Il faut aussi expliquer qu‘avec une telle réforme, le poids des syndicats dans la maison va s’alléger parce qu’il y aura moins de représentation, ne serait-ce que pour gérer au quotidien le fameux statut. La DRH du groupe est aujourd’hui une véritable usine à gaz, extrêmement chronophage pour le personnel d’encadrement (qui est hors statut) et les représentants syndicaux, permanents ou détachés.

Si le poids des syndicats s’allège, leur rôle va devoir changer. La question des salaires par exemple peut très bien dans l’avenir se régler dans le cadre de la branche transport.

Par conséquent, si les représentants syndicaux moins nombreux doivent se trouver un rôle différent, la question du financement syndical va se poser.

Les grandes centrales syndicales sont évidemment préoccupées par cette situation qui présente un risque quant à leur survie.

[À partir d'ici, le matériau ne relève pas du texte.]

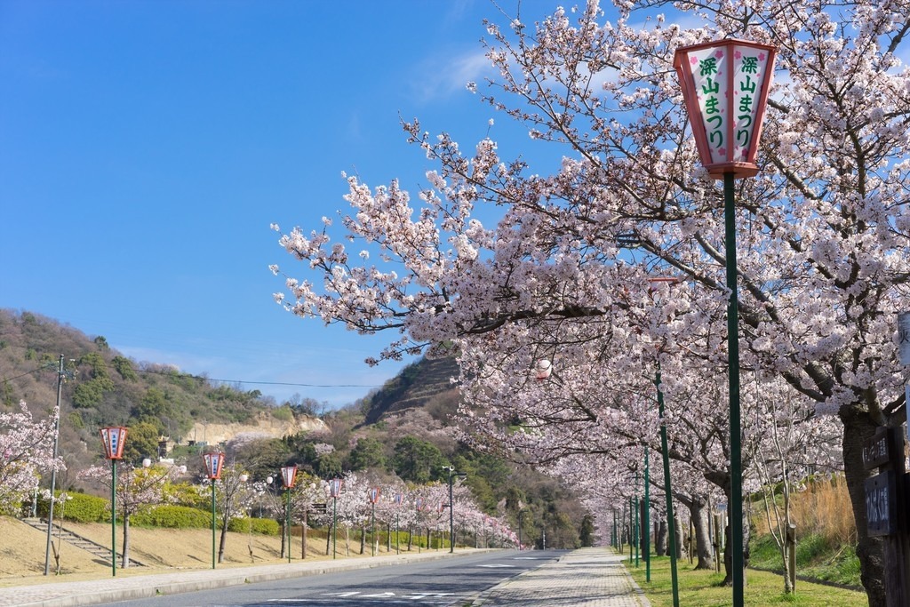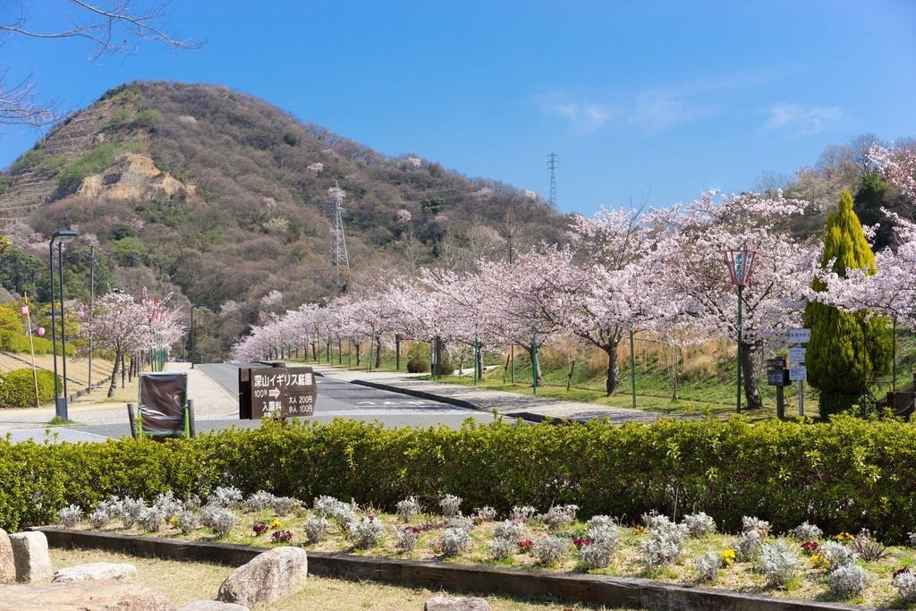 玉野市のほぼ中央部、国道30号に接した標高50~180mと起伏に富んだ地形に、松の緑に囲まれた5つの池が点在する公園です。園内には約7,000本の桜をはじめ梅、椿、ツツジ、あじさい、モミジなど300種超、約15万本が植栽されています。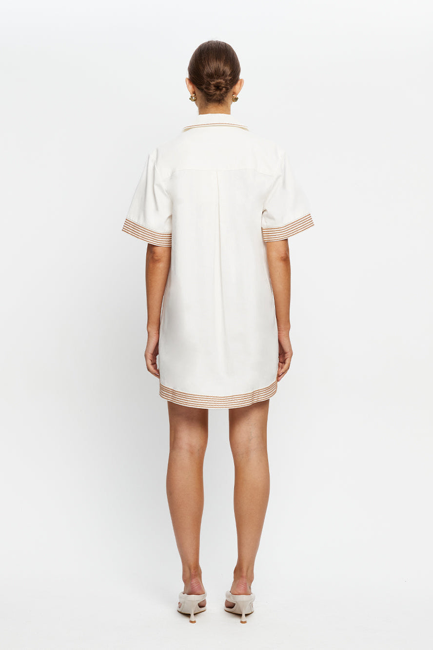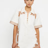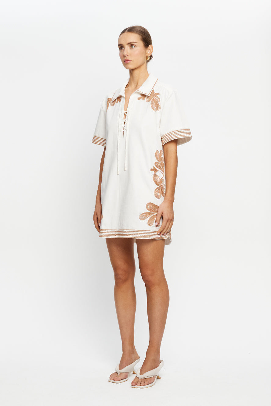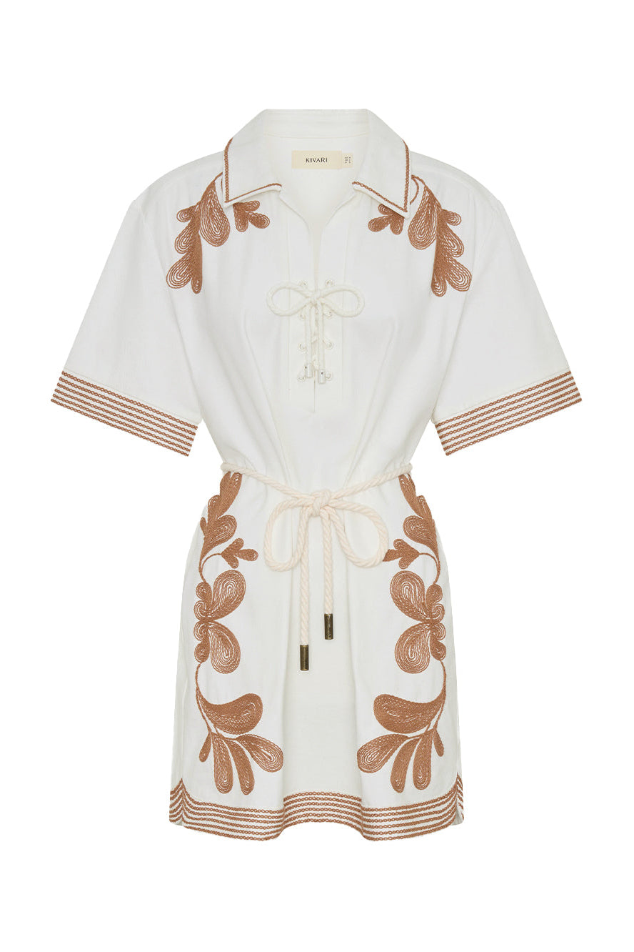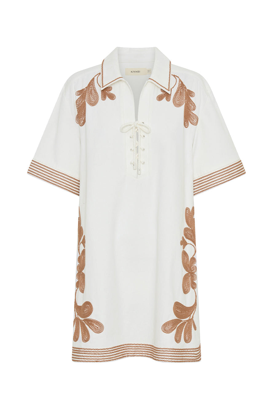 The Moni Mini Dress is a relaxed shirt silhouette featuring a lace-up detail at the bust and intricate brown floral embroidery throughout. Finished with a softly curved hem, it blends feminine detail with laid-back ease — a timeless style designed for sunlit days and effortless wear.

Le gouvernement n’a pas forcément intérêt à laisser une situation qui reviendrait à provoquer un assèchement de la vie syndicale. L’appauvrissent du monde syndical nourrit le radicalisme. Mieux vaut des syndicats responsables et capables d’assumer les logiques de compromis, plutôt que des organisations obligées d’adopter des logiques de conflit pour survivre.